Item 1. Security and Issuer
This Schedule 13D relates to the common stock, par value $0.0001 per share (“Common Stock”) of Augmedix, Inc., a Delaware corporation (the “Issuer”). The Issuer’s principal business office is located at 1161 Mission Street, Suite LL, San Francisco, CA 94103.
Item 2. Identity and Background
(a) This Schedule 13D is filed by McKesson Corporation (“McKesson”) and McKesson Ventures LLC (“McKesson Ventures”). McKesson Ventures, a wholly owned subsidiary of McKesson, is the direct beneficial owner of the amount of Common Stock of the Issuer as set forth in Row 10 of the cover pages of this Schedule 13D. As the parent of McKesson Ventures, McKesson may be deemed to beneficially own these shares. McKesson and McKesson Ventures are together referred to herein as the “Reporting Persons.” The Reporting Persons have entered into a Joint Filing Agreement, dated October 15, 2020, a copy of which is filed with this Schedule 13D as Exhibit 1, pursuant to which the Reporting Persons have agreed to file this statement jointly in accordance with the provisions of Rule 13d-1(k)(1) under the Act.
(b) The address of the principal business office of McKesson Ventures is One Post Street, San Francisco, CA 94104 and of McKesson is 6555 State Hwy 161, Irving, TX 75039.

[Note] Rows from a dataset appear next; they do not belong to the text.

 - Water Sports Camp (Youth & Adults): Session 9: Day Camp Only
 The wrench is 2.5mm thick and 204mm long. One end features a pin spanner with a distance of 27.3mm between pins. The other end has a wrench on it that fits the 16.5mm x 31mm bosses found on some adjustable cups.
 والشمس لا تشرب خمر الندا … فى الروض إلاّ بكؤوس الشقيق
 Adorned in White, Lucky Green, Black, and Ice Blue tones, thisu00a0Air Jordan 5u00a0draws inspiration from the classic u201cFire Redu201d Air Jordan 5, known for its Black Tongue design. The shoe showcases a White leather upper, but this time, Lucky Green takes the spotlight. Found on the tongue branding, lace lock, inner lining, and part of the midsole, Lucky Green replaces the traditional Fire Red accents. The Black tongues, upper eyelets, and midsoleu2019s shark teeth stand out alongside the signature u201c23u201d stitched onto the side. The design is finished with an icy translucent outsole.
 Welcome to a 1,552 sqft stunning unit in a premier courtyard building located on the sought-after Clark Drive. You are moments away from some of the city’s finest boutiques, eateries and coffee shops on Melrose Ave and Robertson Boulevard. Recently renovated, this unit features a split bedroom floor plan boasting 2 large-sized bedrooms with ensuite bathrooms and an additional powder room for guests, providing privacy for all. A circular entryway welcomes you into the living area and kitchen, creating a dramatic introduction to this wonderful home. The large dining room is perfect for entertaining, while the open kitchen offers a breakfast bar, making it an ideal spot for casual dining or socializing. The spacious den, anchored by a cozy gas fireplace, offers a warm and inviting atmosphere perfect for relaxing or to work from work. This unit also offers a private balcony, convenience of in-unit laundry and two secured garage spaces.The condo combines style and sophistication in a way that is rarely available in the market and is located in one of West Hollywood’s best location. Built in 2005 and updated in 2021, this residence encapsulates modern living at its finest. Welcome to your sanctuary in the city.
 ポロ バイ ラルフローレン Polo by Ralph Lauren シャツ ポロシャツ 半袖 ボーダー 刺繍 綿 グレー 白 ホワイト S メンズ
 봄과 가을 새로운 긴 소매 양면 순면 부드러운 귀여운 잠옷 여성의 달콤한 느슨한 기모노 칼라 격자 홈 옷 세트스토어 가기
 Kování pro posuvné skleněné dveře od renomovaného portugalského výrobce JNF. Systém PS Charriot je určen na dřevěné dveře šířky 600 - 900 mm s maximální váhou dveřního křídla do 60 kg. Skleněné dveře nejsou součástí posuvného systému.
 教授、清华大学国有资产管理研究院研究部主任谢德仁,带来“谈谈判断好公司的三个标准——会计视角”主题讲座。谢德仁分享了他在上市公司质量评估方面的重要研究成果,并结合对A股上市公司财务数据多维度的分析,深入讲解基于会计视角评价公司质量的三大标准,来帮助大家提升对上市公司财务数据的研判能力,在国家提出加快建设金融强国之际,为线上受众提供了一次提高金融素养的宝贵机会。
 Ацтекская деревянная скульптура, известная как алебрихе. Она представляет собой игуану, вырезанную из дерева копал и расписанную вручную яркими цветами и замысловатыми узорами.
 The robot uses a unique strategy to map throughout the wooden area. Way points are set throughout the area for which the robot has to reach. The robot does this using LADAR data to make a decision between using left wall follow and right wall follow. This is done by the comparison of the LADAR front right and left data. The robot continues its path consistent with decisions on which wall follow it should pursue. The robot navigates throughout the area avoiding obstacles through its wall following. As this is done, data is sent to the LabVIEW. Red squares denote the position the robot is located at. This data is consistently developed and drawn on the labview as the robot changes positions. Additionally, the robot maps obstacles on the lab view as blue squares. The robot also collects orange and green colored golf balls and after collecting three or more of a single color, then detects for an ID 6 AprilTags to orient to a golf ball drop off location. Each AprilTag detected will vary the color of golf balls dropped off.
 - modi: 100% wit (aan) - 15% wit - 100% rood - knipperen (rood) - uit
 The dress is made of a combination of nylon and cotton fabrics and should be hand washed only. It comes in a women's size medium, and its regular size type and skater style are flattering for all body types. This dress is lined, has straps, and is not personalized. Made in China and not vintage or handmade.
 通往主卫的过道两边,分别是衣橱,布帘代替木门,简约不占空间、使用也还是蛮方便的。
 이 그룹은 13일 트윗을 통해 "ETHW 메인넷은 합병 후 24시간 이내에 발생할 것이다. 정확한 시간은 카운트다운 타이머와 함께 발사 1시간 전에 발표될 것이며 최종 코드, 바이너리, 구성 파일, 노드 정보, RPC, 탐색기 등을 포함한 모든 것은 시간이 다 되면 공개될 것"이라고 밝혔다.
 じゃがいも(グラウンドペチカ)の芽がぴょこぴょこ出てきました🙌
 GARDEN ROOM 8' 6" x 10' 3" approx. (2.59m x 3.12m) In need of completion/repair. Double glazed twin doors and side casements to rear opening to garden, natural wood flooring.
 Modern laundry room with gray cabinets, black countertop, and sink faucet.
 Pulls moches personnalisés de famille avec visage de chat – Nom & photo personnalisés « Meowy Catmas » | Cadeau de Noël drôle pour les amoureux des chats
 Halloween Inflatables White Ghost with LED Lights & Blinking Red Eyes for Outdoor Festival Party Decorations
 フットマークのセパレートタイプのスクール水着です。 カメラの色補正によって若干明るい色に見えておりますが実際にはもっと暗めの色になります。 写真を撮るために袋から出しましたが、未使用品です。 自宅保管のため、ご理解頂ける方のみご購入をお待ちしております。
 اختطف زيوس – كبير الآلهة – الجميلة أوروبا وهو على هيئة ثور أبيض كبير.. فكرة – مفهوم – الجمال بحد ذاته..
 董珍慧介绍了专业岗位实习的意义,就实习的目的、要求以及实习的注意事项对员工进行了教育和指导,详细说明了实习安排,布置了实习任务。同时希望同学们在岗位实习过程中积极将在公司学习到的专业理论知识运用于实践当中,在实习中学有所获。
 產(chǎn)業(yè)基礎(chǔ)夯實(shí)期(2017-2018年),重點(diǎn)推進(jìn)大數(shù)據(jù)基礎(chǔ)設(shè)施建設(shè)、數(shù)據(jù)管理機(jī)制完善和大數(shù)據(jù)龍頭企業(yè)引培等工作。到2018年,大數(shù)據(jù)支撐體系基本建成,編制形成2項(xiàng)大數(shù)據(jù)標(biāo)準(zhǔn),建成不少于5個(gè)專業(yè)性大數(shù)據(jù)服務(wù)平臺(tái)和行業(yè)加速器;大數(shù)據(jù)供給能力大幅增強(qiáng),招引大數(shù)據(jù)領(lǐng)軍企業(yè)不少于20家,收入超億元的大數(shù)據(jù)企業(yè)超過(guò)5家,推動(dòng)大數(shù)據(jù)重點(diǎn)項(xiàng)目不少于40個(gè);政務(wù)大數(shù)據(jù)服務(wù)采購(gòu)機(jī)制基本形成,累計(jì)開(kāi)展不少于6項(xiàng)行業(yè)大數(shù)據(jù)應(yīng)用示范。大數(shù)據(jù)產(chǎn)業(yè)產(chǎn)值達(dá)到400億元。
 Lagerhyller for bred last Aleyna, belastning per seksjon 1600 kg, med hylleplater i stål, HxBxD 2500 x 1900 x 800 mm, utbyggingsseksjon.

(c) McKesson Ventures is a limited liability company organized under the laws of Delaware, and McKesson is a corporation incorporated under the laws of Delaware. McKesson specializes in healthcare supply chain management solutions, retail pharmacy, community oncology and specialty care, and healthcare information technology. McKesson partners with life sciences companies, manufacturers, providers, pharmacies, governments and other healthcare organizations to help provide the right medicines, medical products and healthcare services to the right patients at the right time, safely and cost-effectively. McKesson Ventures is a wholly owned subsidiary of McKesson which engages in venture capital investing, focused on early stage companies in the healthcare sector.
(d)-(e) Neither the Reporting Persons nor, to the best knowledge of each of them, any of the executive officers and members of the Board of Directors of each of the Reporting Persons set forth on Schedule I hereto, during the last five years, (i) has been convicted in a criminal proceeding (excluding traffic violations or similar misdemeanors) or (ii) was a party to a civil proceeding of a judicial or administrative body of competent jurisdiction and as a result of such proceeding was or is subject to a judgment, decree or final order enjoining future violations of, or prohibiting or mandating activities subject to, federal or state securities laws or finding any violation with respect to such laws.
(f) The name, business address, present principal occupation or employment and citizenship of the executive officers and members of the Board of Directors of each of the Reporting Persons is set forth on Schedule I hereto and is herein incorporated by reference.
Item 3. Source and Amount of Funds or Other Consideration
The information set forth in Item 6 of this Schedule 13D is hereby incorporated by reference.
The source of funds for the purchase of the Issuer’s Common Stock in the Offering (as defined in Item 6) was working capital of McKesson Ventures.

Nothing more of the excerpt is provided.